At the same time, Hsu and Hasmath sum up the view of NGOs that is surely responsible for much of Beijing’s wariness:
[…] Western NGOs have traditionally been viewed as “agents of export” in terms of best practices and norms. They are seen as builders of capacity in host nations, alternative social service providers, and advocates of liberal democracy. In seeking to fulfil these functions, Western NGOs have worked to train and socialise local NGOs in developing nations. They have taught a “Western model” of state-society relations, whereby NGOs act as a watchdog and sometimes antagonist to the government. This presents NGOs as countervailing forces vis-à-vis the state, and sees their proliferation as a basis for future democratisation. NGOs possess a range of resources and power—ranging from material to moral—and have been put forward as agents of socio-political change by the NGOs themselves, by multilateral institutions such as the World Bank and IMF, and by national governments through their development agencies. [Source]

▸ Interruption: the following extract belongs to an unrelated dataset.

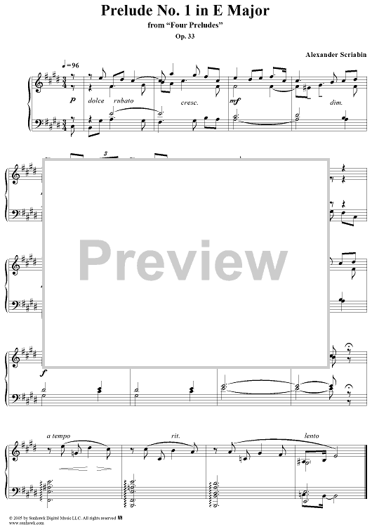 Digital Sheet Music for Prelude No. 1 in E major by Alexander Scriabin scored for Piano Solo; id:311936

CPI Analysis’ Martin Thorley gave an overview of the rest of the series in an introductory blog post:
Shui-yan Tang offers historical perspective, discussing significant differences between organisations in the West, where the institution itself was typically the dominant feature, and in China, where traditionally the fate of civic associations was much more closely tied to the individuals involved. Carolyn L. Hsu examines in detail the relationship between the Chinese authorities and NGOs, warning against the contention that it is simply a zero-sum game. […] Finally, Yongshun Cai offers a broad overview of the new law and its context in order to better identify the reasoning behind the law’s creation. [Source]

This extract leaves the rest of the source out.